Problem » Using the material below, return exactly the lines between the one holding "路况:因温州市域铁路S1线S" and the one holding "姜斌教授担任主席的IEEE CSS南京分会(Nanjing Chapter)荣获突出学会奖(IEEE", inclusive, and no others.

Entries supplied »
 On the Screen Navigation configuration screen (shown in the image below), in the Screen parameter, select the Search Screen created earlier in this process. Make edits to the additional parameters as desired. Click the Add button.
---
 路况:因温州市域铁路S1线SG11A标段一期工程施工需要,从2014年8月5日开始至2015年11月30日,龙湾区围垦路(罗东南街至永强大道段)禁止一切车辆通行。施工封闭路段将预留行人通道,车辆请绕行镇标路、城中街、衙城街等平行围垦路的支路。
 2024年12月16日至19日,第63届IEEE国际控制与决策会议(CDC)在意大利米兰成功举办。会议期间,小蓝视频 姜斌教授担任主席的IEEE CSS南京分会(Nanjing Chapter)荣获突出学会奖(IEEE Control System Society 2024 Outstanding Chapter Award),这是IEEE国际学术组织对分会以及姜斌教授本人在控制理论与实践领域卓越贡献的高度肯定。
* * *
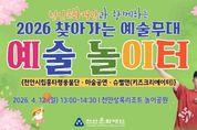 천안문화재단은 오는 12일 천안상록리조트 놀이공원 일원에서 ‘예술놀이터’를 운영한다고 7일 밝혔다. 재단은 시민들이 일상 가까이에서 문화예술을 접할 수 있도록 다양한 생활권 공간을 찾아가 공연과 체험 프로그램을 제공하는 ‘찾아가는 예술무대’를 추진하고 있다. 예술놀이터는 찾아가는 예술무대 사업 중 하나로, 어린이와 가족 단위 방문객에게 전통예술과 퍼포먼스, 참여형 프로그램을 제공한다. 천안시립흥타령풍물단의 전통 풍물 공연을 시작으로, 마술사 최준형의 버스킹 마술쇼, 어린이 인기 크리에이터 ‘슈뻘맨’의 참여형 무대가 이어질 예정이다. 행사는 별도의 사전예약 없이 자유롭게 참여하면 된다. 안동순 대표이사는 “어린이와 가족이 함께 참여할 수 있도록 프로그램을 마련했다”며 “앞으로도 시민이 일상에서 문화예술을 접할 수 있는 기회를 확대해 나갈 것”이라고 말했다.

Response below »
 路况:因温州市域铁路S1线SG11A标段一期工程施工需要,从2014年8月5日开始至2015年11月30日,龙湾区围垦路(罗东南街至永强大道段)禁止一切车辆通行。施工封闭路段将预留行人通道,车辆请绕行镇标路、城中街、衙城街等平行围垦路的支路。
 2024年12月16日至19日,第63届IEEE国际控制与决策会议(CDC)在意大利米兰成功举办。会议期间,小蓝视频 姜斌教授担任主席的IEEE CSS南京分会(Nanjing Chapter)荣获突出学会奖(IEEE Control System Society 2024 Outstanding Chapter Award),这是IEEE国际学术组织对分会以及姜斌教授本人在控制理论与实践领域卓越贡献的高度肯定。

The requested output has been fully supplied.